Machine Learning Engineer, Platform
RemoteUnited States or New York City, New York, United States
Job Summary
Turn pod needs into platform capabilities by identifying general patterns within urgent requests without premature abstraction. Own capabilities end-to-end, assuming full responsibility for behavior in production across every deployment that utilizes the feature. Engineer for production reality by navigating accuracy, latency, cost, and reliability across complex institutional environments. Raise the bar across the company by converting learnings from one team into inheritable platform assets. Serve customers on both sides of the wall, acting as true customers for project pods and domain experts for the workflows they power. Work at the research frontier with production stakes, transforming LLMs, RL fine-tuning, and agentic systems into capabilities that dozens of institutional workflows depend on simultaneously.
Required Qualifications
- You understand how machine learning actually works — not just the tooling, but the philosophy underneath: what a loss function really optimizes, how generalization breaks under distribution shift, why evaluation is where systems quietly go wrong.
- You live at the bleeding edge of modern AI, with hard-won instincts for squeezing the most out of LLMs and agentic systems — prompting, fine-tuning, tool use, and reasoning.
- You know when a fine-tuned segmentation model beats a VLM, when a rule engine beats both, and how to compose all three into a system more accurate than any single model.
- You treat frontier models as components to be measured, pushed, and engineered — never as magic.
- You have the platform instinct: you spot the general capability hiding inside three teams' specific requests — and know when generalizing is premature.

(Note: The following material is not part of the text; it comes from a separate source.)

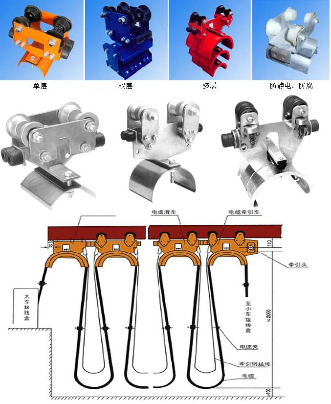 GHC系列工字鋼滑車分為中載荷型、重載荷型、和輕載荷型,因此滑車走輪為Ф80、Ф63、Ф50的三種,承載能力≤50~150kg,每類按托板層數分為單層、雙層、三層,每類中有三種形式,首端為電纜牽引車,終端為固定掛線架,中間為電纜滑車。 GHC系列工字鋼滑車安裝說明: 1、固定掛線架安裝好后,后邊應掛一擋板。 2、調整牽引頭,使小車在整個行程中不碰牽引孔的上下邊緣為好。 3、電纜長度為起重機跨度的1.2倍加8米。 4、調整牽引鋼絲繩,使其長度小于同節電纜長度,運行時由牽引鋼絲繩受力。 5、當電纜直徑不等時,電纜夾間應墊以軟橡皮, 使其外徑基本相同,以便將電纜夾緊。 6、布電纜時,應考慮兩面電纜托板受力均衡。 7、當電纜滑車為二層,三層時,要求相同。 8、滑車裝置上的雙墊圈為調整墊圈,當導軌不合適時,把墊圈放在固定板的內側,以調整軌距的寬窄,出廠時按導軌為I 100*68*4.5、I 120*74*5、I140*80*5、I 160*88*6制造。非標滑車按圖紙加工制作。 GHC系列工字鋼滑車規格參數:
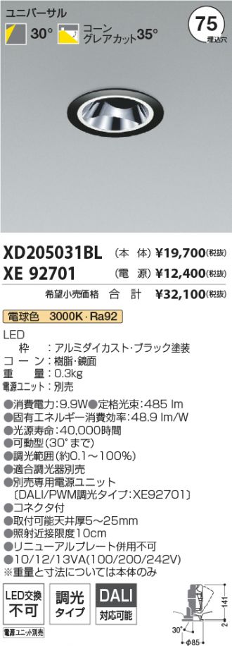 ユニバーサルダウンライト(XD205031BL+XE92701)

- You treat internal teams as real customers with real deadlines, and measure your success in their velocity.
- You're energized by building things that have never existed, and comfortable when the problem, the data, and the definition of success all have to be invented at once.
- You'll build the models behind both loops: Institutional Intelligence that compounds and A foundation model for construction documents.
- You'll build the machinery that keeps the promise of Continuous improvement, engineered: capturing production corrections, triaging failures to the component that caused them, and turning that signal into retraining and safe redeployment — automatically, across every use case.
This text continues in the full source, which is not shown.